BEGIN Data to examine
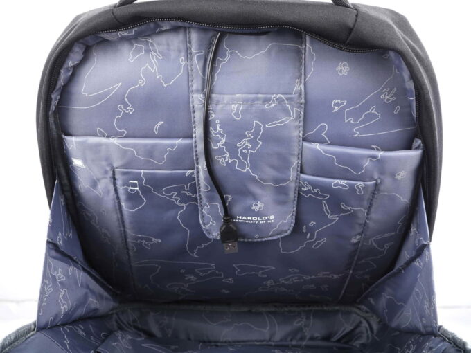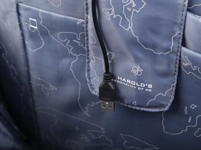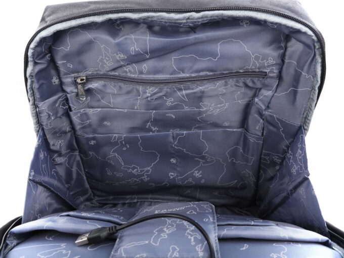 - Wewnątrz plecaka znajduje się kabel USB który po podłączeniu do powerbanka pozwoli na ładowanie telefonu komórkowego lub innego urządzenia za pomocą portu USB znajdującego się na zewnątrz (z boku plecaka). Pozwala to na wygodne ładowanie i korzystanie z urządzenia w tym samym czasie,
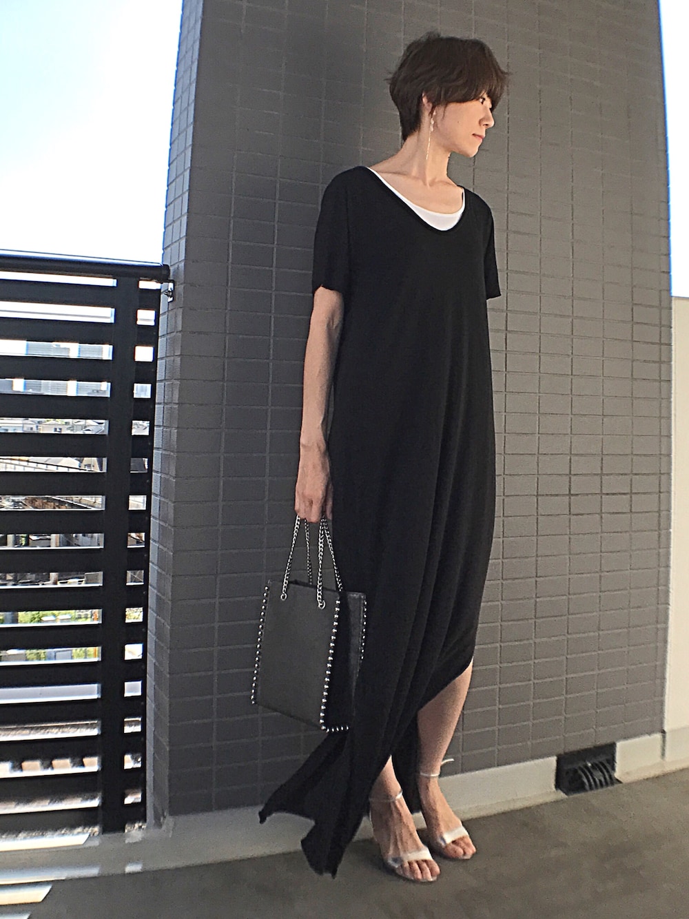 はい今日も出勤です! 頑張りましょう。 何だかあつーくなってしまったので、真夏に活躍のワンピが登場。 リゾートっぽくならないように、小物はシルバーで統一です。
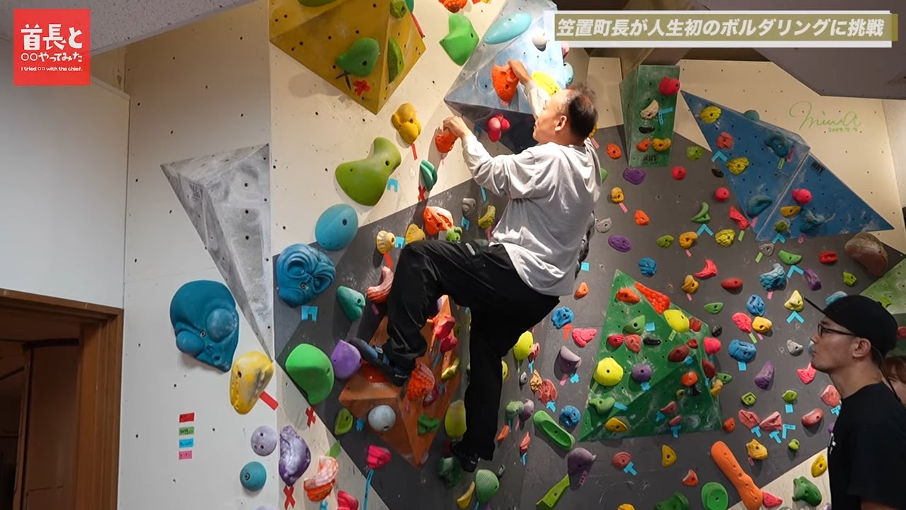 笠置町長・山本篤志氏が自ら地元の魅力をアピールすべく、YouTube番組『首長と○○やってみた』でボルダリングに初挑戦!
END Data to examine
BEGIN Data to examine
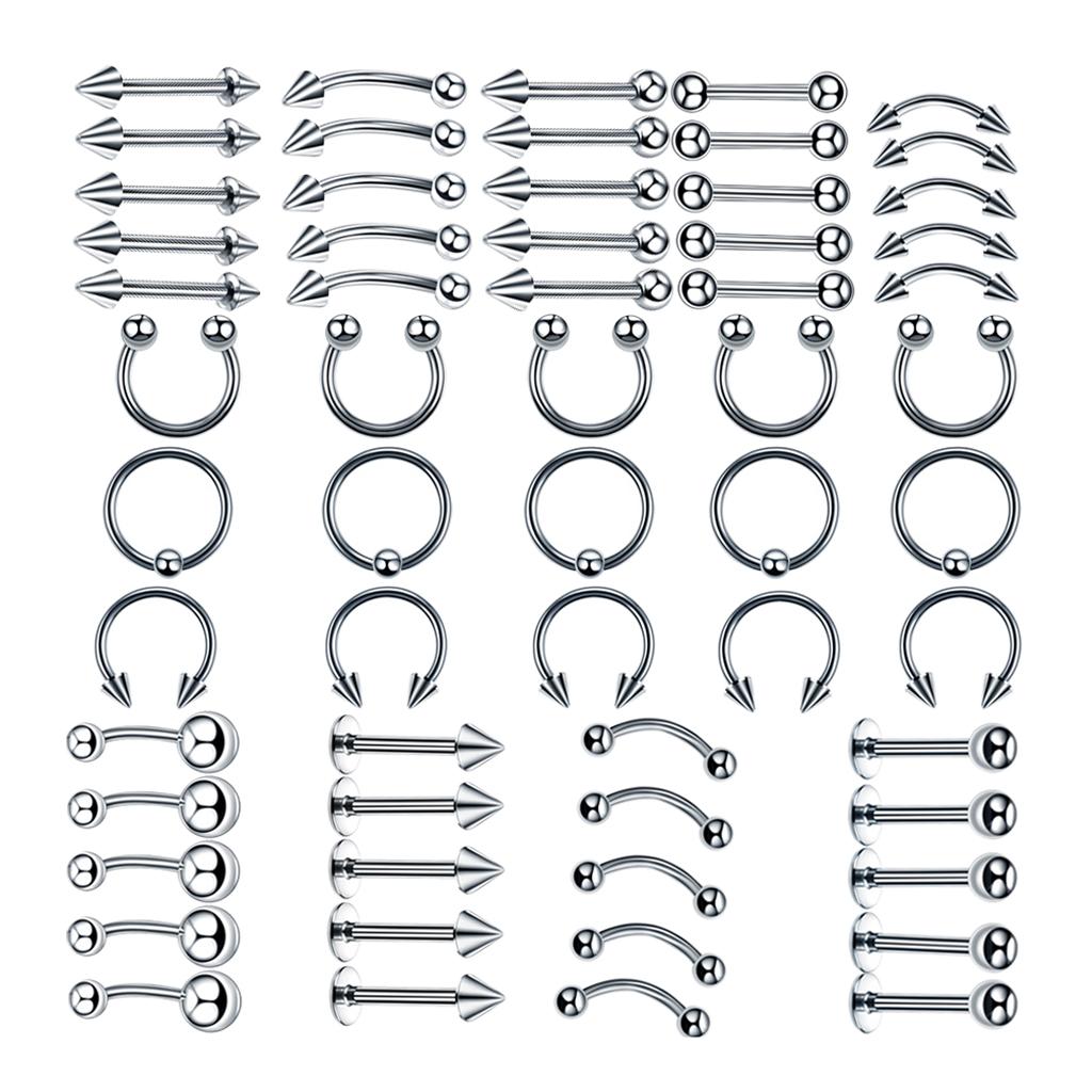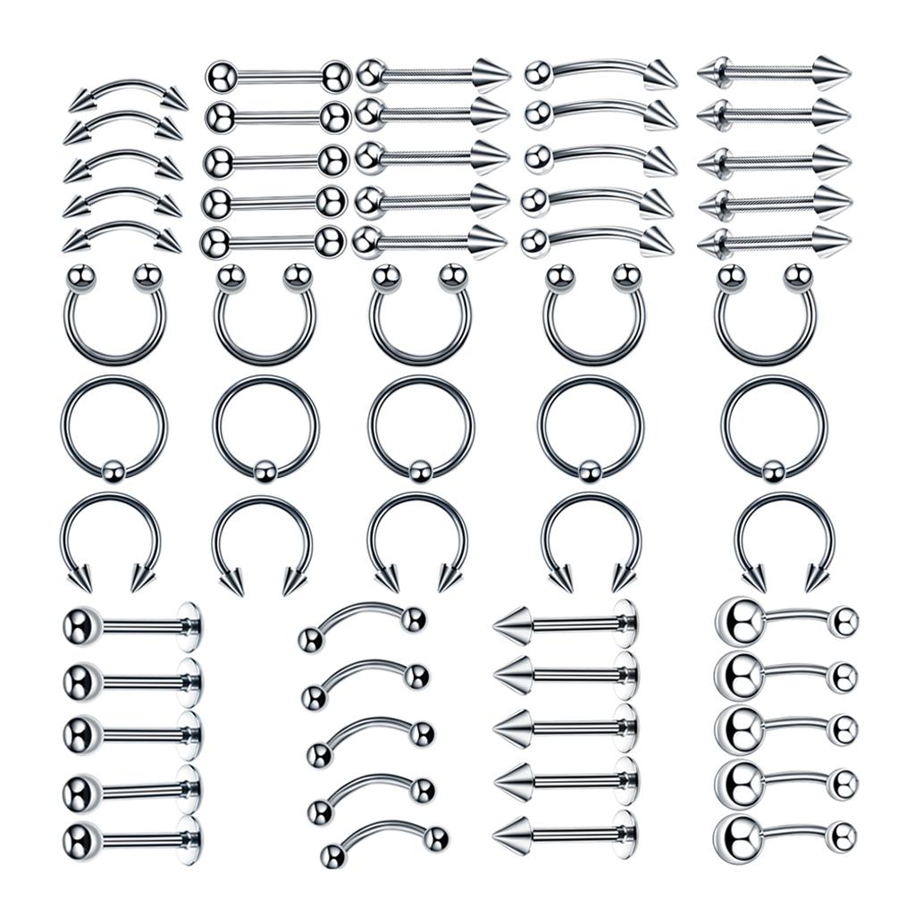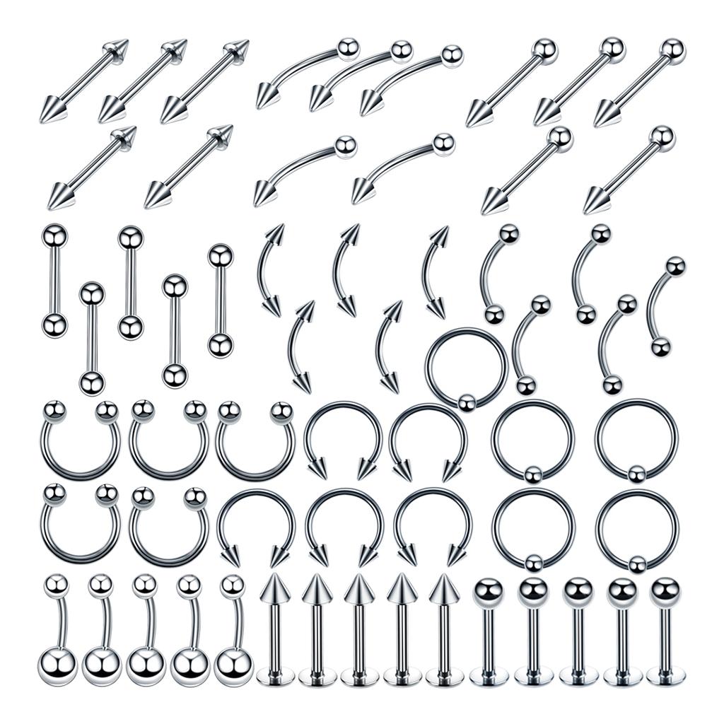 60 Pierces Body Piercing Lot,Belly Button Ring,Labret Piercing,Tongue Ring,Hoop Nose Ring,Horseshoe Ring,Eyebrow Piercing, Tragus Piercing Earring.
END Data to examine
Transcribe exactly the lines above, beginning at the one with "- Wewnątrz plecaka" and going up to and including the one with "笠置町長・山本篤志氏が自ら地". Pictures do not belong in the copy.

→ **Result for this exercise**
 - Wewnątrz plecaka znajduje się kabel USB który po podłączeniu do powerbanka pozwoli na ładowanie telefonu komórkowego lub innego urządzenia za pomocą portu USB znajdującego się na zewnątrz (z boku plecaka). Pozwala to na wygodne ładowanie i korzystanie z urządzenia w tym samym czasie,
 はい今日も出勤です! 頑張りましょう。 何だかあつーくなってしまったので、真夏に活躍のワンピが登場。 リゾートっぽくならないように、小物はシルバーで統一です。
 笠置町長・山本篤志氏が自ら地元の魅力をアピールすべく、YouTube番組『首長と○○やってみた』でボルダリングに初挑戦!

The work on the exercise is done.